Gather the dough into a ball and place it on a board sprinkled with the remaining ½ cup flour. Knead the dough by pushing it down with the heels of your hands and pressing it forward then folding it back on itself. Continue kneading for about 15 minutes, or until all the flour is incorporated and the dough is smooth and elastic. Flour your hands lightly from time to time.
Now press the fruit and almonds into the dough, 1/3 cup or so at a time, but do not knead or handle it too much or the dough will discolor.
Coat a deep bowl with 1 tsp of the melted butter and drop in the dough. Brush the top of the dough with another tsp of melted butter. Drape a towel over the bowl and set in a warm, draft-free place for two hours, or until doubled in bulk.
Punch the dough down and divide it into two equal pieces. Let rest for 10 minutes, then roll the pieces into strips about 12 inches long, eight inches wide, and ½ inch thick.
Brush each strip with two tablespoons of melted butter and sprinkle each with two tablespoons of sugar.
Fold each strip lengthwise in the following fashion: Bring one long side over the center of the strip and press the edge down lightly, the fold the other long side across it – overlapping the seam in the center by about one inch. Press the edge gently to keep it in place.
With lightly floured hands, taper the ends of the loaf slightly and pat the sides together gently to mound it in the center. The finished loaf should be 3 ½ – 4 inches wide and 13 inches long.
With a pastry brush and I tablespoon melted butter, coat the bottom of an 11×17 inch jellyroll pan. Place the loaves on the pan and brush them with the remaining two tablespoons of melted butter. Set the loaves aside in a warm, draft-free place for about one hour or until doubled in bulk.

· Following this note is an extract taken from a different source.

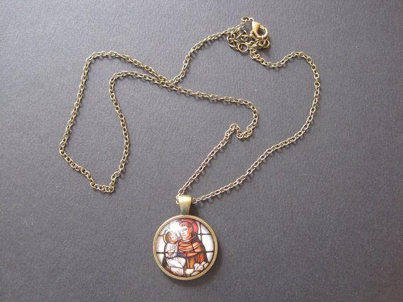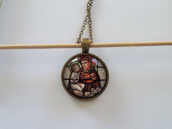 Pendentif Religieux Médaillon Saint ANTOINE Image sous Verre Chaîne Assortie
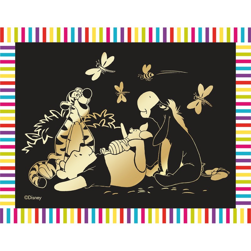 Большая гравюра «Винни и его друзья. Летний день» с изображением героев мультфильма Disney, предназначенная для детского творчества. Для создания изображения с эффектом позолоты необходимо сцарапать поверхностный слой специальным штихелем, имеющимся в комплекте. Получившуюся гравюру можно поместить в упаковочную рамку. Размер — 180×240 мм.

Preheat the oven to 375°. Bake the bread in the middle of the oven for 45 minutes or until golden brown and crusty. Transfer the loaves to wire racks to cool completely. Just before serving, sprinkle the loaves with the sifted confectioners’ sugar.
Makes two 13” loaves.
Dresdner Stollen, which improves with age, is a Christmas bread exchanged throughout Germany as a holiday season gift.
As you can see, there is a piece missing – the end of the last loaf broke off as I was removing it from the pan.
Bill seized the opportunity to taste the broken piece and declared it a success.
He said that he was very surprised at how much he liked it – it’s heavy like fruitcake, but not soaked, and it’s also not cakey like Panettone.
My plain food loving meat and potatoes husband is turning into quite the food critic.
Someday he’ll get used to flavorful food, I just know it!